Though the impact of the pending changes is unclear, the cumulative effect of such policy proposals is to create a less welcoming environment for international students.
“I feel very uncomfortable that our privacy is being destroyed, because we’re students, not terrorists,” said Gülnaz Kiper, a first-year cognitive science student from Turkey.
According to a November 2012 report from the nonprofit Institute of International Education, there are about 764,495 international college students in the United States. Tazhayakov was just one of these. The majority of international students, then, are receiving undeserved attention because of the actions of a single person.

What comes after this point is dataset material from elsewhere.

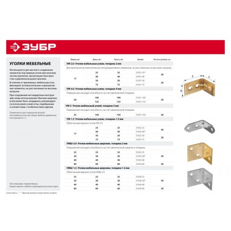 Для соединения деталей под прямым углом при сборке мебели, деревянных конструкций и т.п.. Предназначены для фиксации вспомогательных и декоративных элементов, не рассчитанных на высокие нагрузки. Для крепления конструкций к полнотелым основаниям необходимо использовать дюбель-гвозди. При сооружении нестандартных конструкций могут возникать ситуации, когда монтаж с использованием обычных широких углов может неосуществим. В таких случаях рекомендуется использовать узкие углы и подбирать размер и толщину изделия, учитывая характер и особенности конструкции.

Tazhayakov is the exception rather than the rule.
These changes in access to information, along with any subsequent legislation, may cause students to feel alienated in the eyes of the American government or fellow American students.
The feeling that one is a permanent outsider is the bigger, unaddressed issue that comes from the changes in which parties can access the Student and Exchange Visitor Information System.
Moreover, a May press release from the National Association of Foreign Student Advisors, an advocacy group for international higher education, argued that the Senate legislation strays from a long history of the U.S. welcoming bright students from around the globe.
Kiper said that though she feels fairly welcome in the country, she feels unsafe with the fact that the government is invading international students’ privacy more than before.
Implementing stricter visa regulations has the potential to discourage international students hoping to study in the U.S. These students make up a large portion of young scholars contributing to new innovations and academic progress.
Closely monitoring international students’ personal information is an impulsive and simplistic answer to a much larger issue. The process of bettering national security should consist of a more in-depth investigation of the larger issues at hand.